Record set Block Start

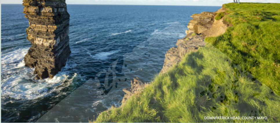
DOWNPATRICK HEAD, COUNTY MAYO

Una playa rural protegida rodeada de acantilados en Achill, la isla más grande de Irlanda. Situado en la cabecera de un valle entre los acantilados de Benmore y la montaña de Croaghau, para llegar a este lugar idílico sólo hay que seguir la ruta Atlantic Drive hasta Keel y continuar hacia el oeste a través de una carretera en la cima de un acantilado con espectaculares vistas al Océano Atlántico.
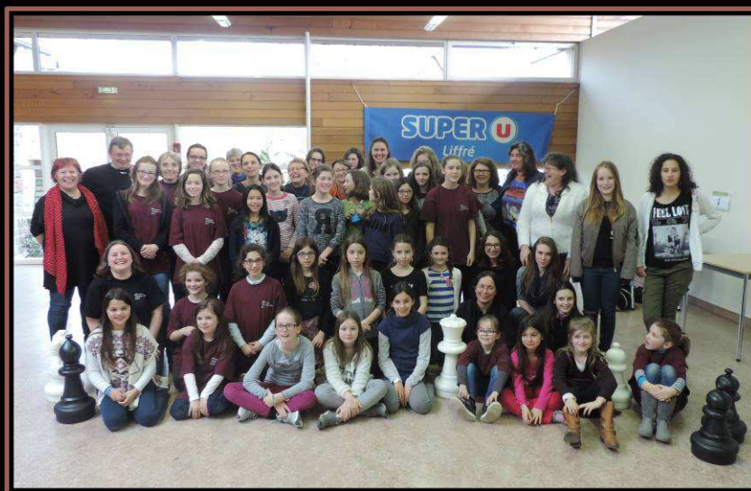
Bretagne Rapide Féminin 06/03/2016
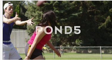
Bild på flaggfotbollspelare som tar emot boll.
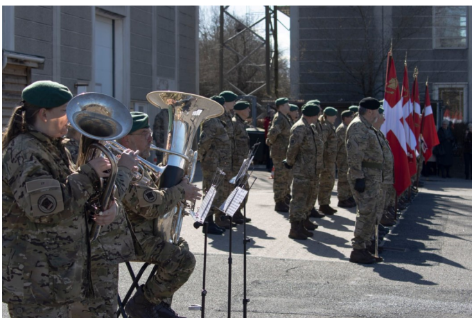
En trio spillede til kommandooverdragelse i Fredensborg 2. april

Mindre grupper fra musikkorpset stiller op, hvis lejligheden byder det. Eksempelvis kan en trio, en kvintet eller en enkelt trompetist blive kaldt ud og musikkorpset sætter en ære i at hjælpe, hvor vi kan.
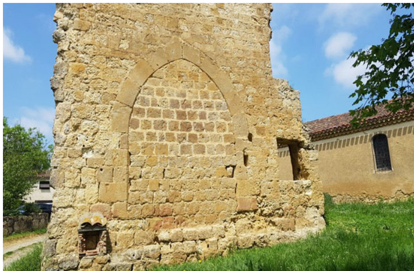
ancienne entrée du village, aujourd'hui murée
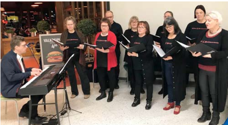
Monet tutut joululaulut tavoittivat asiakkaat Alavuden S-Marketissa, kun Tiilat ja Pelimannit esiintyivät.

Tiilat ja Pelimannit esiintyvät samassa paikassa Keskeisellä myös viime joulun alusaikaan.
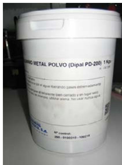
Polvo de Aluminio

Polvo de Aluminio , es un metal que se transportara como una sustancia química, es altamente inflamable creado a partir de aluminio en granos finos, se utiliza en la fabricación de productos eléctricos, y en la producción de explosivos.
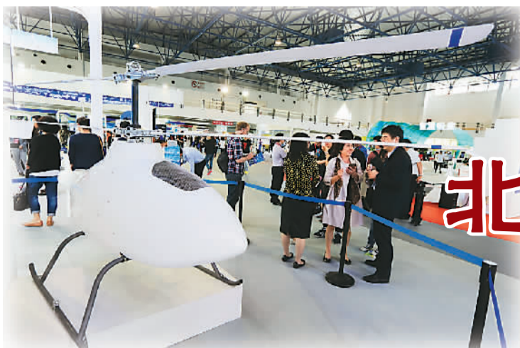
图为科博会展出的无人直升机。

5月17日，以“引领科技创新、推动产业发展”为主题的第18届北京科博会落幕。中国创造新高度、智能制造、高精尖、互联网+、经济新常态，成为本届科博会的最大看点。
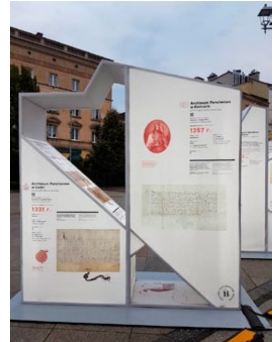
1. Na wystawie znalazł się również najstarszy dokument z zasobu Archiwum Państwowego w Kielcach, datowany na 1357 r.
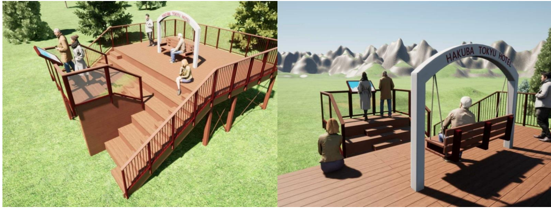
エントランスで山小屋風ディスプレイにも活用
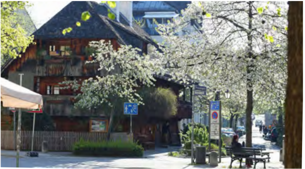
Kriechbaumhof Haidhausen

Record set Block End
Record set Block Start

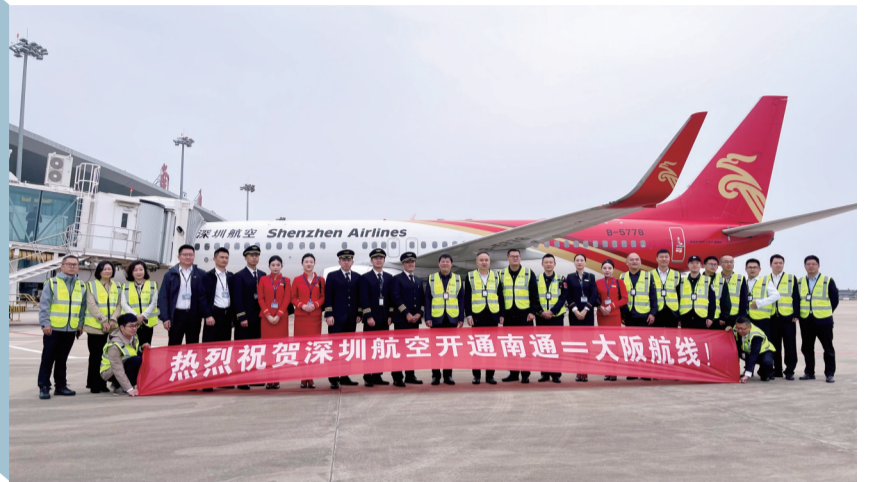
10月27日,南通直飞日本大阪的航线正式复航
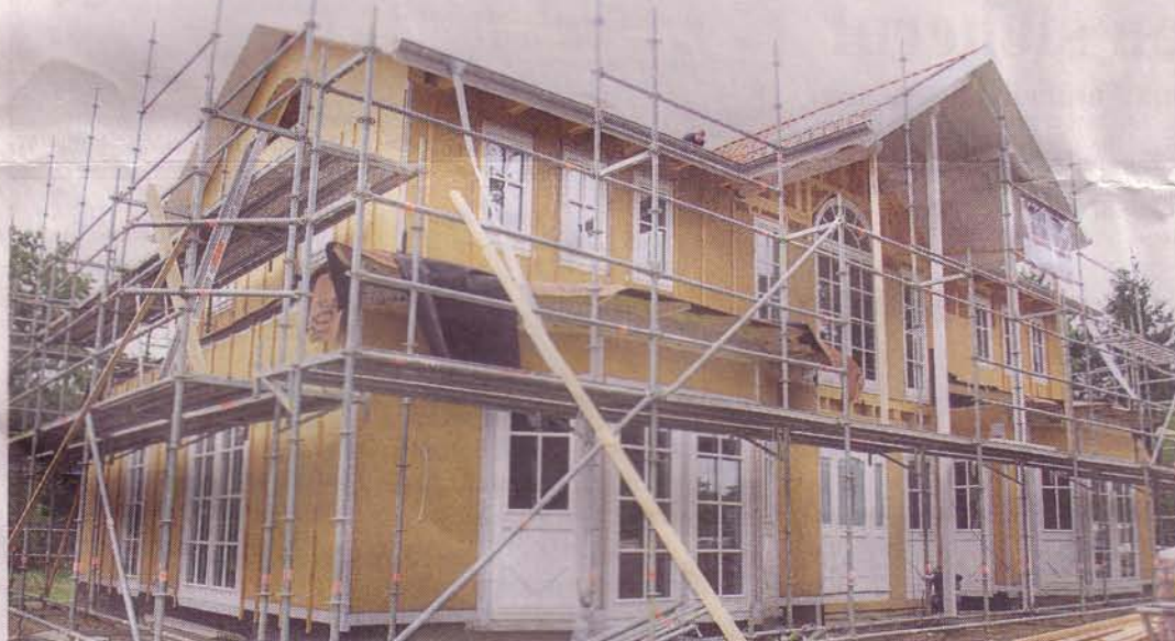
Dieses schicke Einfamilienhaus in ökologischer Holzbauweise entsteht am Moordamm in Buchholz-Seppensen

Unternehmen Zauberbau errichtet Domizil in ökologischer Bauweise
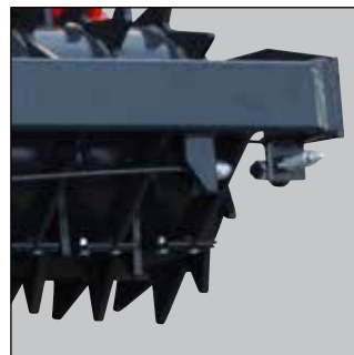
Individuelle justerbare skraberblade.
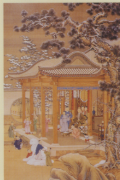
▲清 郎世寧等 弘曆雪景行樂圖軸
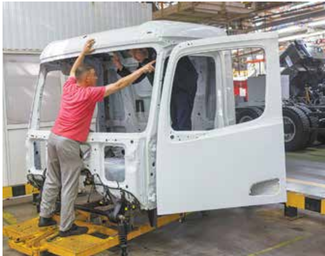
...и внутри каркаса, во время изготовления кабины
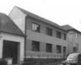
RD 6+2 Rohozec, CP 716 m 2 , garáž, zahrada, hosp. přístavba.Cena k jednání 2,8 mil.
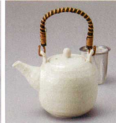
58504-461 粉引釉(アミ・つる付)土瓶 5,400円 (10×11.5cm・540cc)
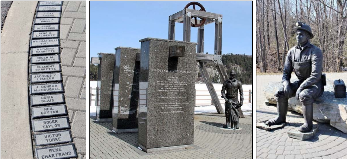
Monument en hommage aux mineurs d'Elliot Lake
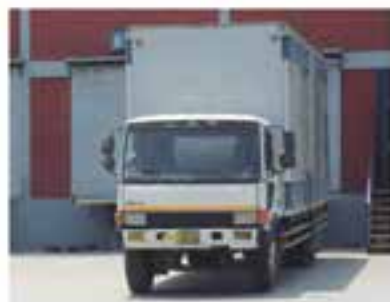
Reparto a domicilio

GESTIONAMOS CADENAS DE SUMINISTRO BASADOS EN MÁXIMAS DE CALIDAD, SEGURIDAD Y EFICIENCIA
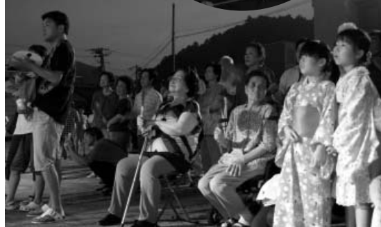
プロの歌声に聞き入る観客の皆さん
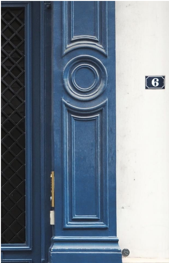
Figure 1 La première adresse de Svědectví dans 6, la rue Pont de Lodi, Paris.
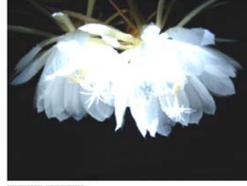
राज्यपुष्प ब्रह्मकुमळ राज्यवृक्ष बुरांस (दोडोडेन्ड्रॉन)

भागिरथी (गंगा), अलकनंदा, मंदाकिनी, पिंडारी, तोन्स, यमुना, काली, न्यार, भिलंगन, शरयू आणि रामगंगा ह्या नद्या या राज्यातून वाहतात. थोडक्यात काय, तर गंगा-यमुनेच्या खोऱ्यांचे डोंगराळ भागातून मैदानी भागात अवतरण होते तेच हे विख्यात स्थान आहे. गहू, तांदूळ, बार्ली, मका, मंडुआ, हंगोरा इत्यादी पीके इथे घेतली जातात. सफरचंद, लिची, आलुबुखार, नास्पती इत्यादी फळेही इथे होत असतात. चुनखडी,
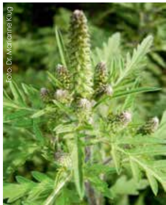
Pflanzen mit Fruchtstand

Record set Block End

» Exercise requirements: The stretch to restate runs from the line above containing "Dieses schicke Einfamilienhaus" through the line containing "Pflanzen mit Fruchtstand". Copy it word for word, ends included, without pictures.

» Result:
Dieses schicke Einfamilienhaus in ökologischer Holzbauweise entsteht am Moordamm in Buchholz-Seppensen

Unternehmen Zauberbau errichtet Domizil in ökologischer Bauweise
Individuelle justerbare skraberblade.
▲清 郎世寧等 弘曆雪景行樂圖軸
...и внутри каркаса, во время изготовления кабины
RD 6+2 Rohozec, CP 716 m 2 , garáž, zahrada, hosp. přístavba.Cena k jednání 2,8 mil.
58504-461 粉引釉(アミ・つる付)土瓶 5,400円 (10×11.5cm・540cc)
Monument en hommage aux mineurs d'Elliot Lake
Reparto a domicilio

GESTIONAMOS CADENAS DE SUMINISTRO BASADOS EN MÁXIMAS DE CALIDAD, SEGURIDAD Y EFICIENCIA
プロの歌声に聞き入る観客の皆さん
Figure 1 La première adresse de Svědectví dans 6, la rue Pont de Lodi, Paris.
राज्यपुष्प ब्रह्मकुमळ राज्यवृक्ष बुरांस (दोडोडेन्ड्रॉन)

भागिरथी (गंगा), अलकनंदा, मंदाकिनी, पिंडारी, तोन्स, यमुना, काली, न्यार, भिलंगन, शरयू आणि रामगंगा ह्या नद्या या राज्यातून वाहतात. थोडक्यात काय, तर गंगा-यमुनेच्या खोऱ्यांचे डोंगराळ भागातून मैदानी भागात अवतरण होते तेच हे विख्यात स्थान आहे. गहू, तांदूळ, बार्ली, मका, मंडुआ, हंगोरा इत्यादी पीके इथे घेतली जातात. सफरचंद, लिची, आलुबुखार, नास्पती इत्यादी फळेही इथे होत असतात. चुनखडी,
Pflanzen mit Fruchtstand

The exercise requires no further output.